Published: 1992-06-19


Ian Wallace, Igreja Evangelica da Guine-Bissau on cashew. Ian writes that “On the whole I am not greatly enamored with cashew as a crop and would advise anyone thinking of large-scale cashew production to proceed with caution.” His letter arrived just as I had visited some sites in the Amazon basin where cashews seemed to produce well and was wondering if I had been too negative in EDN 32-4. Perhaps someone in our network knows of a very successful cashew project. If so, please drop me a line. I would like to correspond with you. Ian’s helpful observations follow:

“I was interested in your article on cashew production. Here vast areas of virgin bush have been cleared and planted with cashew trees in the past 10 years. Certainly the crop has not fulfilled all that was expected of it. Perhaps expectations were too high, or orchards are inadequately tended. Because the initial stages of raising the trees is so straightforward, there is a tendency to sit and wait for the tree to do its stuff with many orchards remaining uncleaned. The crop is unreliable.

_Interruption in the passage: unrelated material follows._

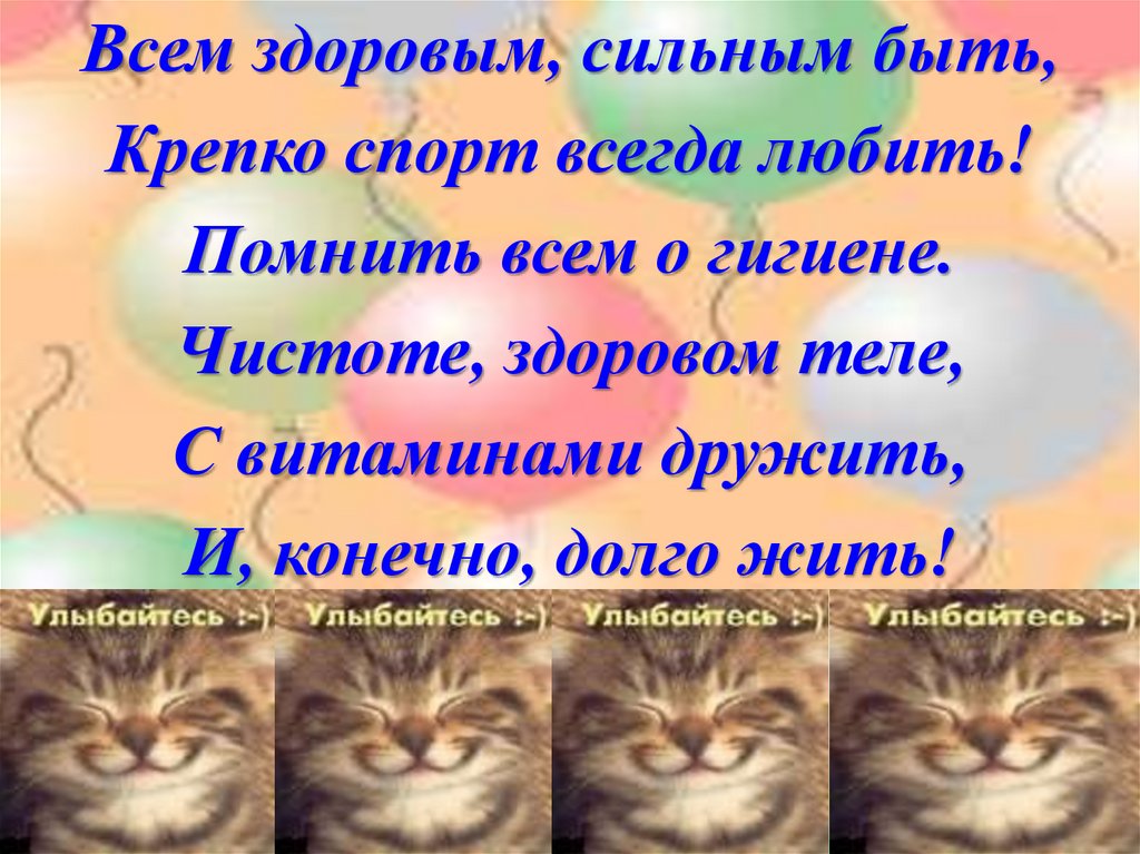 Всем здоровым, сильным быть,Крепко спорт всегда любить!

"The little that is processed locally is of poor quality, the toxic skin being burnt off in an open fire. The majority of the nuts are exchanged by the government for rice then shipped raw to foreign processing centers. The true value of the crop remains unrealized since much of the profit is only added after processing. We have seen a disastrous fall in rice production as well. It is easier to collect cashew nuts and exchange them for imported rice than it is to work the rice fields. Although this is obviously a fault of the exchange policy, it is hard to see an alternative. There are no other markets for unprocessed nuts and the government has no other means of paying.

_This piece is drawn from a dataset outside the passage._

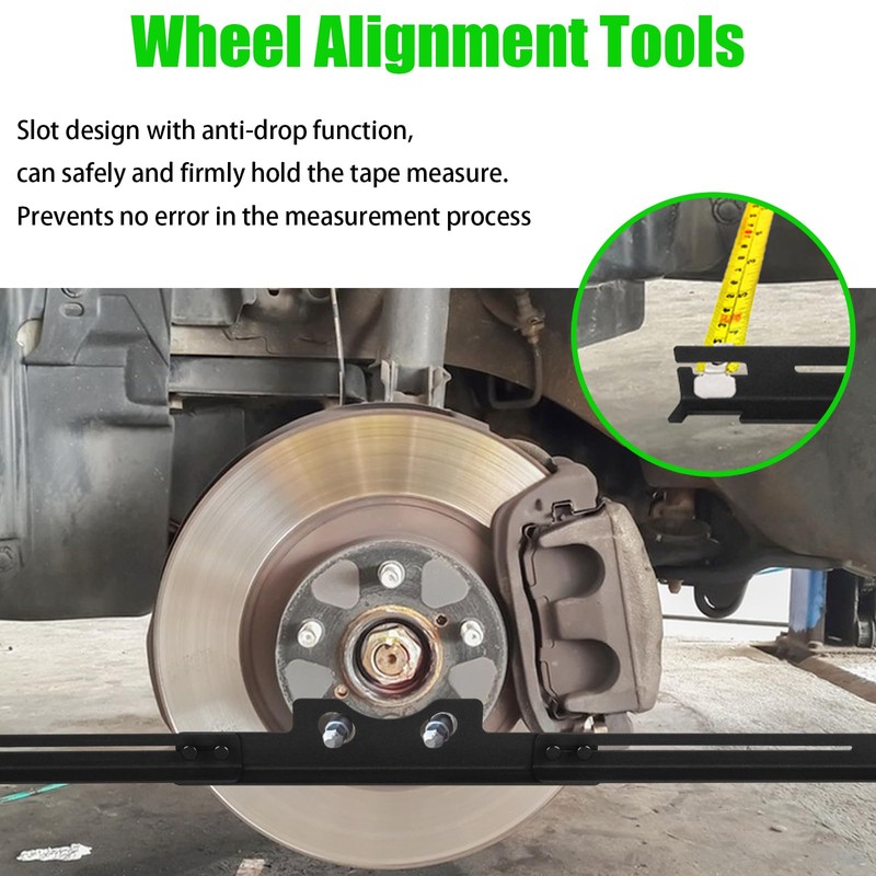 - Universal Compatibility - Front end alignment tool specifically designed to measure the coaxial distance of the wheel, can be adapted to a wide range of vehicles with different bolt patterns. Convenient removable design, facilitate storage and reduce storage space (Tape measure not included in purchased products)

"You are right in saying that it is a labor intensive crop. Harvest time involves an army of workers, many of whom are children from age 6 upwards who are taken out of school for that purpose. It is rare to see men involved in the harvest. It appears that the system which is evolving is oppressive to the weaker members of the community, who rarely see any great benefit from the harvest.

"Cashew production has aggravated another social problem, drunkenness. The squeezed juice ferments quickly and without human intervention, to make a strong alcoholic drink in days. The cashew wine is available in far greater quantities than palm wine. Cashew season sees a very marked increase in drunkenness.